A closer look at the leaves’ surface reveals a series of peaks, like microscopic goose bumps. An even closer inspection found tiny fibers on those bumps. Together, those features create a type of air cushion.
“The water droplet is hardly touching any surface, so the water droplet thinks it’s sitting on air,” Blohm said.
Around 2004 — just two years after Blohm established an advanced nanotechnology program at GE Global Research — a scientist on her team presented Barthlott’s lotus effect research as holding promises for the conglomerate.
GE scientists in Niskayuna initially began examining ways the lotus effect could be applied to polymers. That research was geared for the conglomerate’s plastics and silicone divisions.
The scientists managed to replicate the lotus effect on plastic surfaces, raising the prospect of self-cleaning windows. But the scientists could not make the plastic durable enough to commercialize it.
The 2007 sale of GE Plastics, which had operations in Selkirk and Pittsfield, Mass., also put a damper on the lotus effect research in Niskayuna. A year earlier, GE also shed its Waterford silicone plant, which now is operated by Momentive Performance Materials.
“For GE without plastics, we started thinking what we could do with a surface like that. We looked across our businesses and brainstormed,” said Blohm.
Her research settled on catering their lotus effect research efforts to applications for GE Energy, GE Aviation and GE Healthcare.
On Nov. 13, a GE scientist posted a video on YouTube, showing the fruits of more than two years of lotus effect research. The clip on the online video-sharing Web site is titled “How to Make Water Bounce.”
The slow-motion video shows a drop of water landing on a piece of nano-treated metal. In about two weeks, the bouncing water clip has received over 150,000 views on YouTube, making it the 21st most popular science and technology video on the Web site this month.
In the video, a drop of water lands with a splash but then re-forms and actually bounces off the treated surface. The few much smaller fragmentary droplets that remain on the surface roll away.

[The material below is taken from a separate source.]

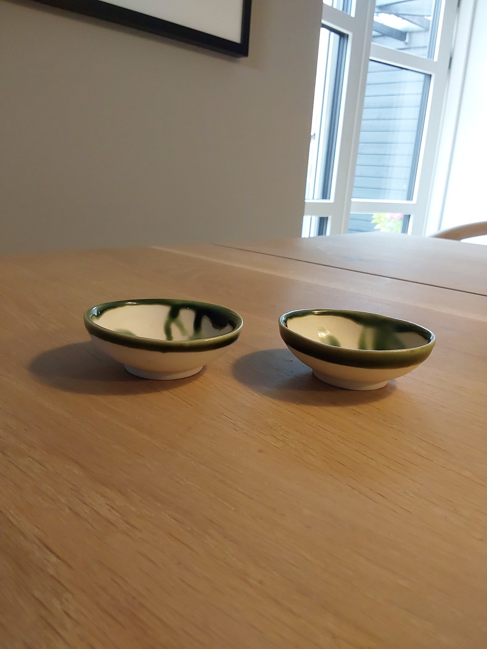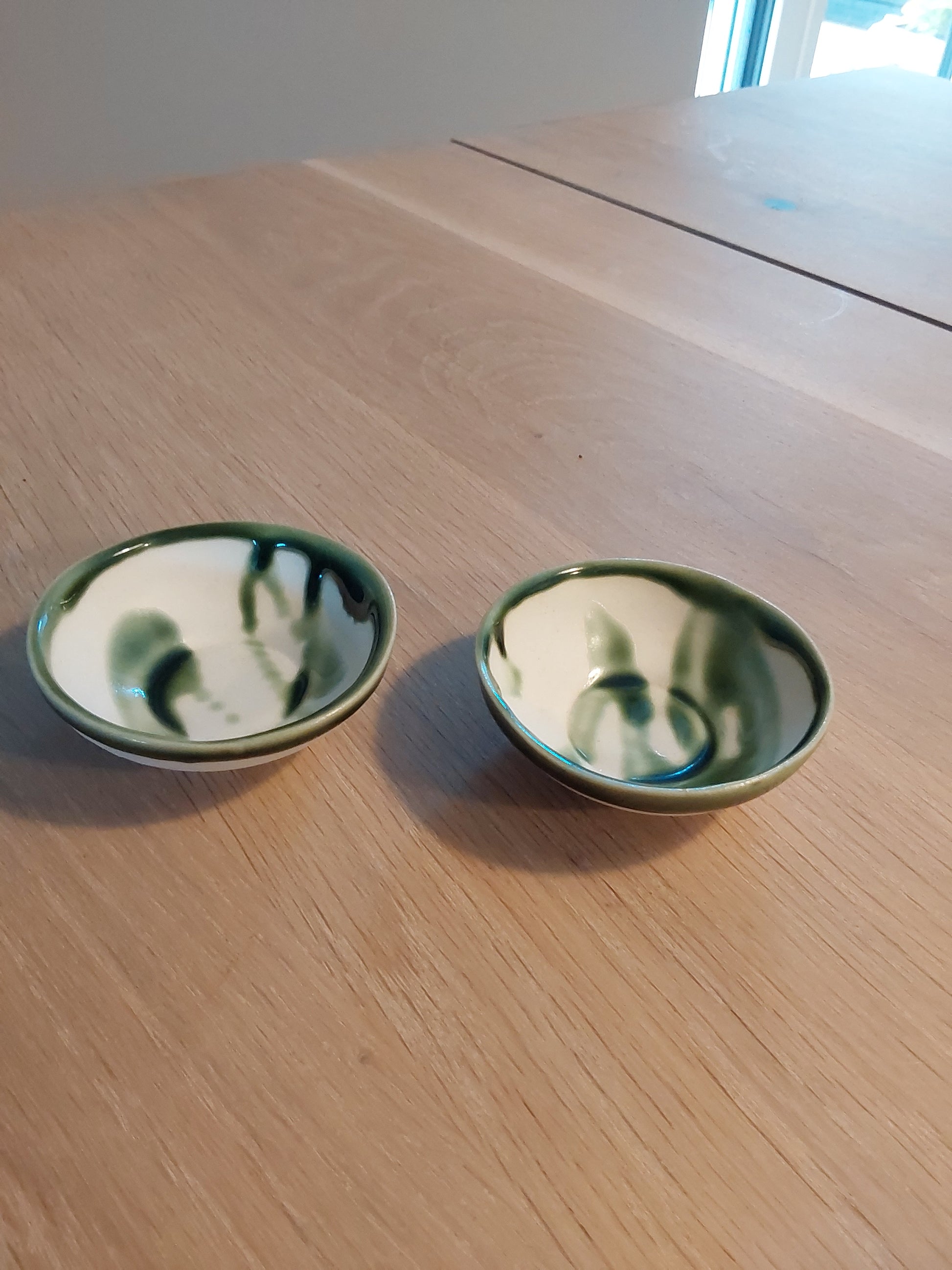 Små porcelænsskåle med flaskegrøn dekor. Passer lige til lidt soja til to.

“Ice would be a lot less likely to form [on the metal’s surface],” but even if it does form, it won’t stick as well,” Blohm said.
To test that theory, GE has constructed two wind tunnels in its Niskayuna facility to simulate the impact of water on nano-treated metals in cold-weather conditions.
The metals put through the miniature wind tunnels include steel, titanium, nickel and aluminum. Metals naturally attract water, and to make them hydrophobic, GE scientists treat them with special coatings or grate them with sandpaperlike materials.
Over the past three years, GE has submitted several patent applications regarding its super hydrophobic metal research. Niskayuna scientists this month received notice from the U.S. Patent and Trademark Office that it has begun reviewing one of their earliest patent applications.
GE is still years away from commercializing the hydrophobic metals, though it is currently drafting a patent for their manufacturing process. While GE refines industrial lotus effect applications, other companies are developing or have already debuted “self-cleaning” residential products based on similar nanotechnology. Among them is the Sto Corp.’s silicone exterior paint, called Lotusan.
In 1999, the Atlanta-based Sto released in Europe and later in North America Lotusan, which is highly resistant to dirt, mold and mildew.
A 2002 study found that Lotusan surfaces have 90 percent fewer germs than surfaces coated with conventional paints. Other researchers are looking at ways to make lotus effect bathroom mirrors, automobile paints, roof shingles and clothing.